Annapaola Ferri

Per poter aver diritto al reddito di cittadinanza le dimissioni del lavoratore dipendente devono essere motivate da una giusta causa: inoltre, le dimissioni non si chiedono, ma si presentano.

Le causali di dimissioni per giusta causa individuate, ad oggi, dalla giurisprudenza sono:

– mancato o ritardato pagamento della retribuzione
– omesso versamento dei contributi (purché non sia stato a lungo tollerato dal lavoratore)
– comportamento ingiurioso del superiore gerarchico verso il dipendente
– pretesa del datore di lavoro di prestazioni illecite da parte del lavoratore
– mobbing
– aver subito molestie sessuali nei luoghi di lavoro
– modificazioni peggiorative delle mansioni lavorative
– spostamento del lavoratore da una sede all’altra senza che vi siano comprovate ragioni tecniche organizzative e produttive come richiesto dall’articolo 2103 del codice civile.

La procedura di dimissioni per giusta causa può essere attivata autonomamente da un lavoratore oppure con l’assistenza di un patronato o di un’organizzazione sindacale.

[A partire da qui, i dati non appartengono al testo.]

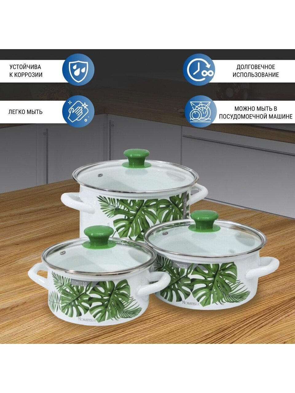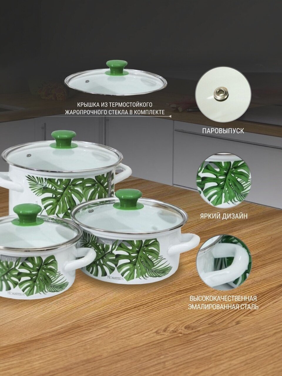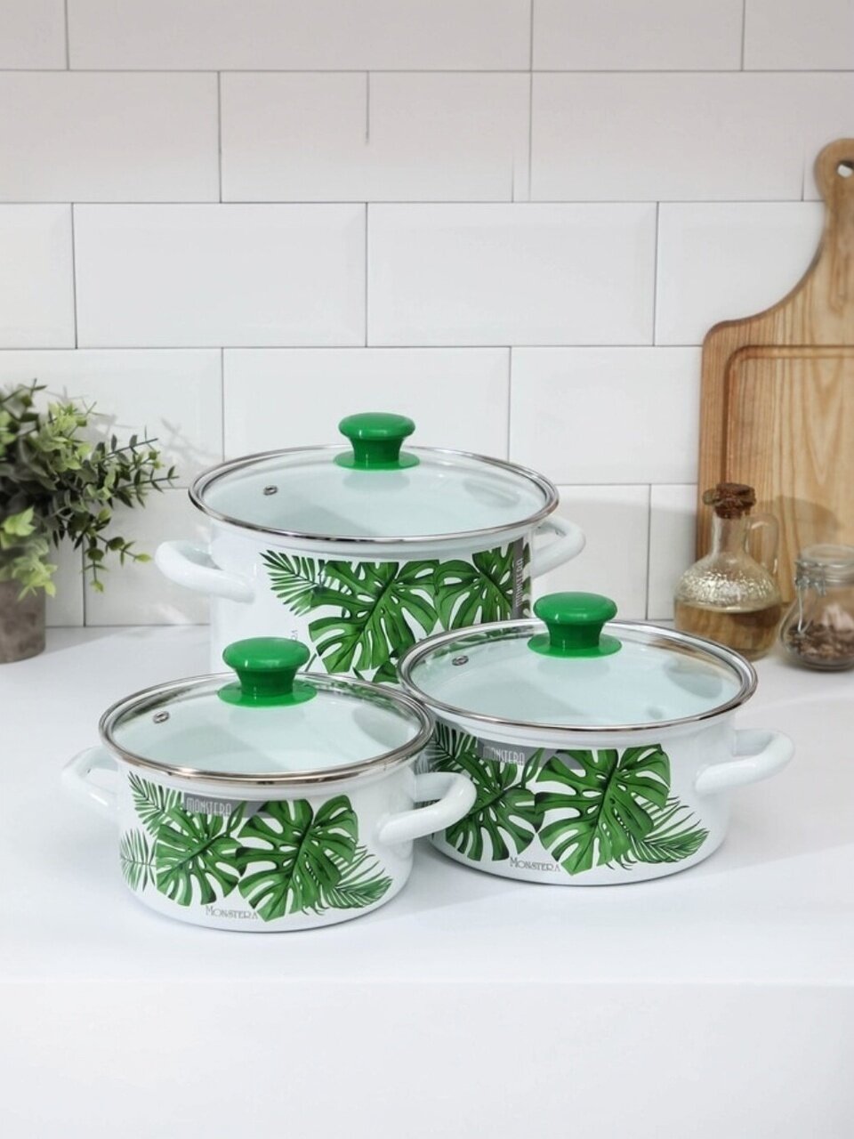 Набор кастрюль из эмалированной стали «Монстера-5-1-Экстра» — это сочетание прочности, экологичности и современного дизайна. Эмалированная сталь не выделяет вредных веществ, устойчива к коррозии и подходит для ежедневного использования. Благодаря стеклянным крышкам вы контролируете процесс приготовления без потери тепла. Если вы ищете, какую посуду выбрать для приготовления супов, каш, тушения овощей — этот набор оптимален для любых задач на кухне.

Il datore di lavoro potrebbe tuttavia opporsi, contestando la giusta causa: in questo scenario, la vertenza dovrebbe necessariamente essere portata, con la citazione della controparte datoriale, all’esame del giudice del lavoro competente.

Una sentenza avversa al lavoratore dimessosi per motivi ritenuti costituire una giusta causa, una volta passata in giudicato, potrebbe comportare l’obbligo alla restituzione di tutti i benefici statali fruiti nel frattempo in seguito alla presunta classificazione unilaterale delle dimissioni presentate per giusta causa ma non giudicate tali in sede giurisdizionale.